Some of Adams’ story is familiar (English Constitutional History) and some controversial (American Civil War). King John was chronically short of money. The customary feudal taxes did not bring in enough money for the King, so he designed some creative new taxes to meet his needs. The barons refused to pay and met him on the plains at Runnymede in 1215 and made him promise to stop. The key provision of the Magna Carta was: “No scutage or aid, save the customary feudal ones, shall be levied except by the common consent of the realm.” The consent of the governed, in this case, meant the consent of the barons, but a great idea was born that would end up as the premise of Jefferson’s Declaration of Independence. Adams makes the interesting point that the courts construed the language “common consent” to mean that no baron was bound unless he, individually, consented. Let Congress try that one.

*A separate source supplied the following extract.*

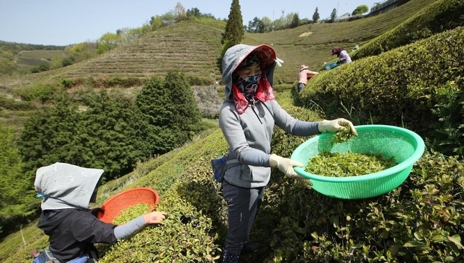 [TV서울=김선일 객원기자] 절기 곡우(穀雨)를 사흘 앞둔 17일 전남 보성군 회천면 한 녹차밭에서 농부들이 찻잎을 따고 있다.

In the seventeenth century, following the English Civil War and the beheading of Charles I, the Parliament definitively took over the power to tax and spend. The Bill of Rights of 1689 established that there would be no taxation except by act of Parliament. For Englishmen, as Adams points out, the issue of taxation and consent was finally settled after a 500 year struggle. John Locke, in 1690, wrote:
Thirdly, the supreme power cannot take from any man any part of his property: without his own consent. For the preservation of property being the end of government, and that for which men enter into society…. It is true governments cannot be supported without great charge, and it is fit everyone who enjoys his share of the protection should pay out of his estate his proportion for the maintenance of it. But still it must be with his own consent. . . For what property have I in that which another may by right take when he pleases himself?
The American colonies, however, were not represented in Parliament and were consequently taxed without representation. Adams points out that the taxes the Crown imposed on the colonies were not oppressively large. The British taxes were modest, and the money was to be spent in the colonies for their benefit and protection. The 1764 Sugar Act was the Crown’s first and only successful tax in the colonies. The Stamp Act and Town-shend duties produced little revenue for the Crown, yet were bitterly opposed. The Crown, like Bill Clinton, thought its taxes were fair, the equivalent of “less than a dime a day,” and could not understand why the Americans were so unreasonable. Adams notes: “If revolution is the consequence of oppression, then the American Revolution should never have occurred.” Adams believes the Revolution was based on our objection to the lack of consent.